Jen Gunter, MD (@DrJenGunter), is an obstetrician-gynecologist who has been blogging her expertise for years. Her blog and her hold-no-punches Twitter feed are inspirational to me. A classic “happy warrior,” Dr. Gunter vocally and proudly takes on the cynical pseudoscience of Gwyneth Paltrow’s Goop products, calls out antivaccine supporters, and does not hesitate to put uneducated (and frequently sexist) opiners in their places when they try to “mansplain” the female body to her. Her takedown of Goop’s annual conference in New York with emergency physician Dara Kass, MD (@DaraKass), was one for the ages.
Representing trauma surgeons, Joseph Sakran, MD, MPA, MPH (@JosephSakran)—along with emergency medicine’s own Megan Ranney, MD, MPH, FACEP (@DrMeganRanney), and others—has served as a point person for the #ThisIsOurLane movement, an online spat that the National Rifle Association picked with physicians that escalated into a mission-defining moment for many doctors. Dr. Sakran, himself a survivor of gun violence, has the credibility, expertise, and media know-how to represent those of us who believe that medicine has a role to play in decreasing senseless gun violence in our nation. Among several key voices that emerged on this topic is radiologist Heather Sher, MD (@HSherMD), whose article in The Atlantic after the shooting in Parkland, Florida, helped raise the profile of this problem as well.

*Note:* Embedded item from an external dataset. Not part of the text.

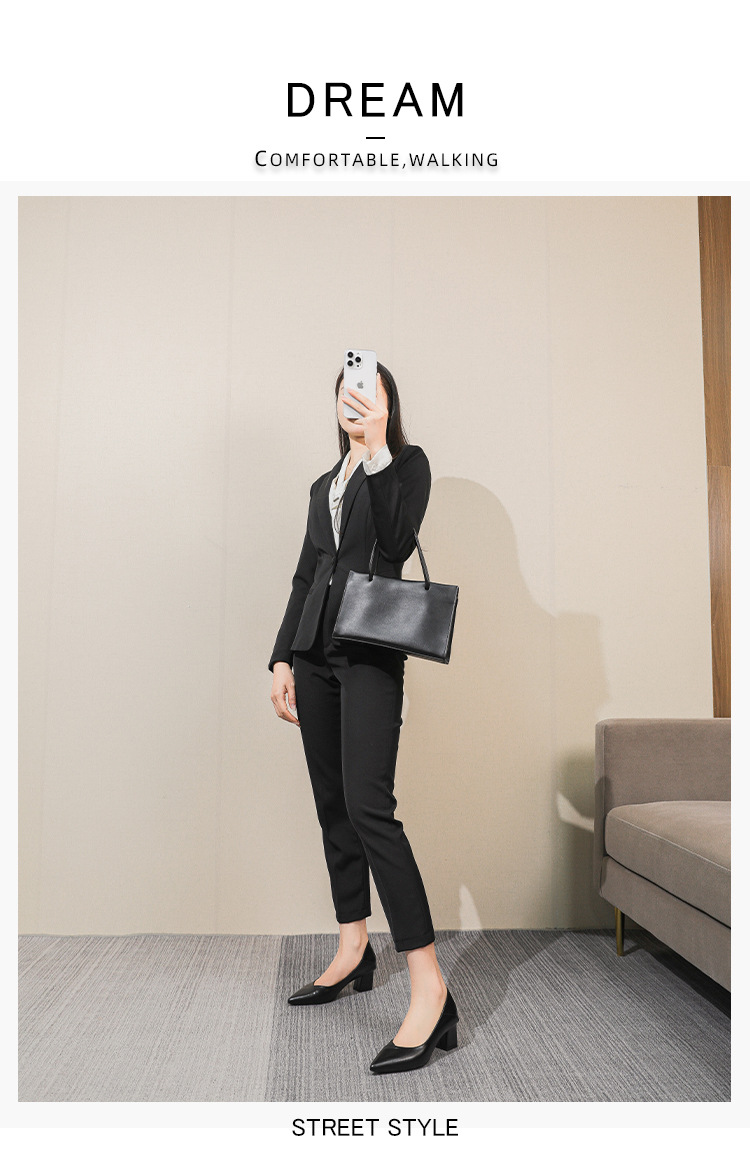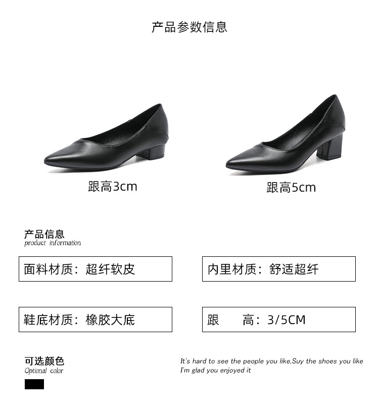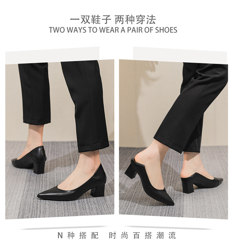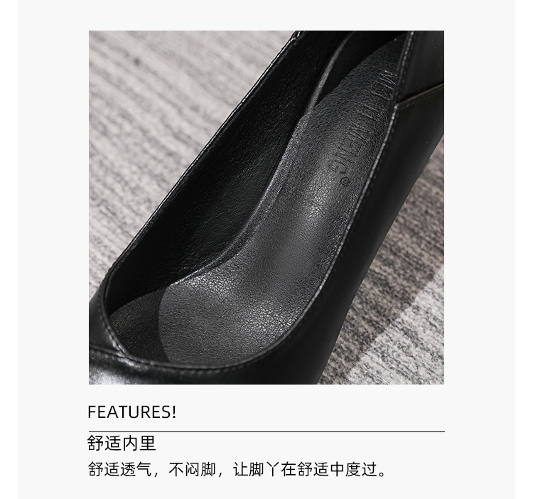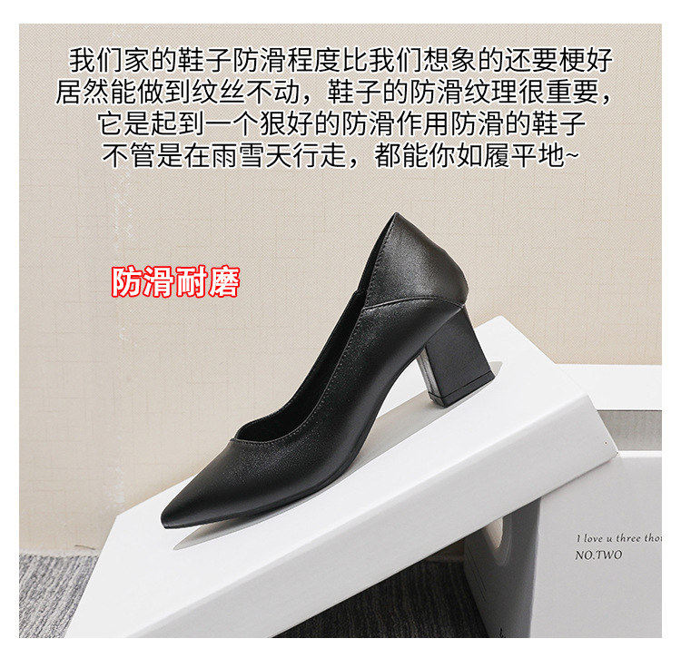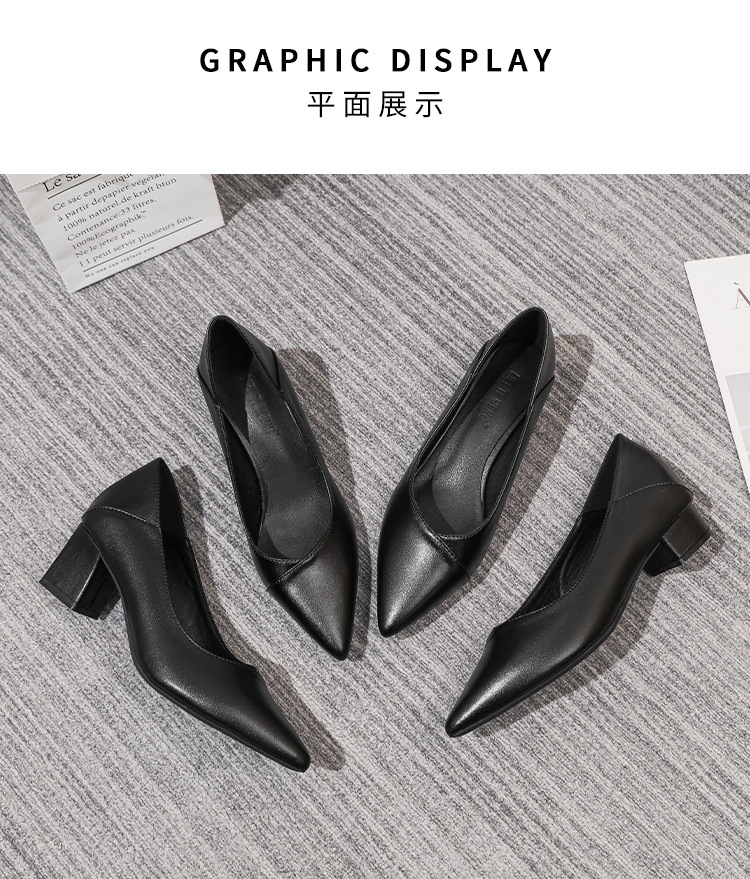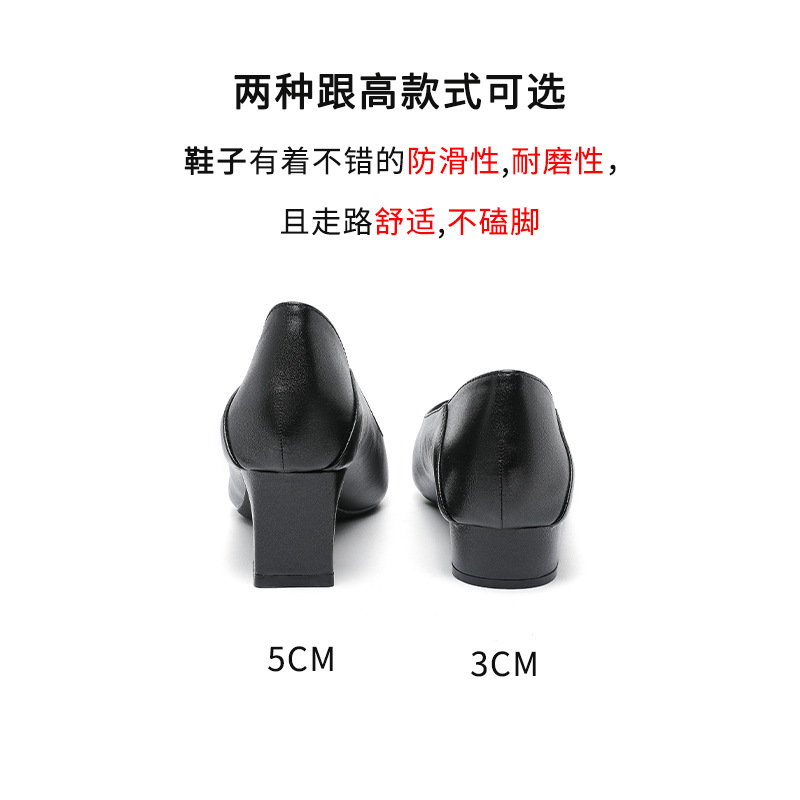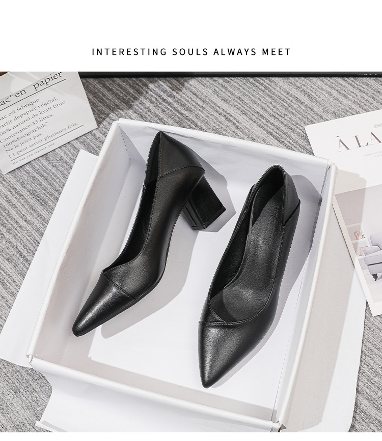 기질 부드러운 가죽 신발 두꺼운 힐 단일 레이어 신발 여성용 미들 힐 2025 블랙 원피스 하이힐 전문 스튜어디스 작업 신발 얕은 입스토어 가기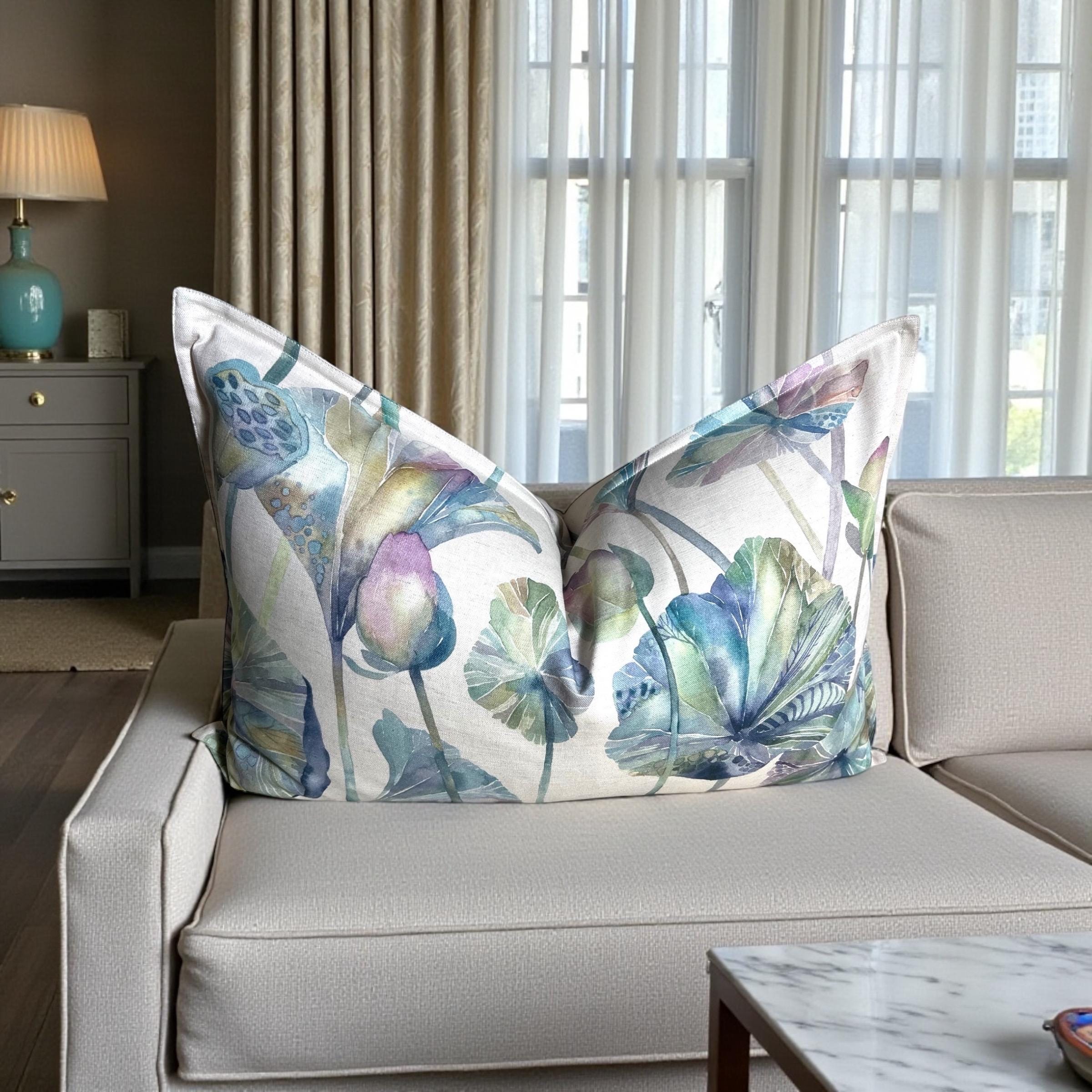 Handmade Lotus Leaf Pillow Cover: Voyage Maison Designer Linen Cushion 18x26

On the lighter side is the anonymous account known as Dr. Glaucomflecken (@DGlaucomflecken). A writer for the GomerBlog (medicine’s answer to The Onion), Dr. Glaucomflecken alternates between posts that genuinely educate us (eg, for the love of pseudomonas, don’t sleep in your contact lenses!) and ones that have us bent over laughing. Here’s a recent favorite: “After every surgery day I walk over to the nearest ICU and loudly announce that I have zero post op cataract surgeries that require ICU admission. They’re always so nice about it, they make sure a police officer is available to accompany me off the premises.” He also co-authored an instant classic BMJ Christmas article with emergency physician Esther Choo, MD, MPH (@choo_ek), “A Lexicon for Gender Bias in Academia and Medicine,” in which a few important terms were defined, including “Misteria: Irrational fear that advancing women means catastrophic lack of opportunity for men” and “Feternity leave: When becoming a mother is conflated with choosing to forsake the practice of medicine (also known as What They Suspect When You’re Expecting).”1
Finally, one of my local colleagues here in Boston, emergency radiologist Bharti Khurana, MD (@KhuranaBharti), is educating the masses by posting excellent images of emergency department radiographs (MRIs, CTs, plain radiographs). She’s always sure to include a good case vignette and help us out with an arrow pointing to the pathologic finding, which emergency physicians always appreciate.
These are just a few of the great non–emergency medicine Twitter accounts to watch. Feel free to tweet me others, and I’ll share those as well.
As the first decade of #FOAMed secured emergency medicine at the forefront of online medical education and knowledge dissemination, the next will likely be defined by our reaching across the divide to our non–emergency medicine colleagues. The results will raise emergency medicine’s profile as a specialty that is leading medicine forward.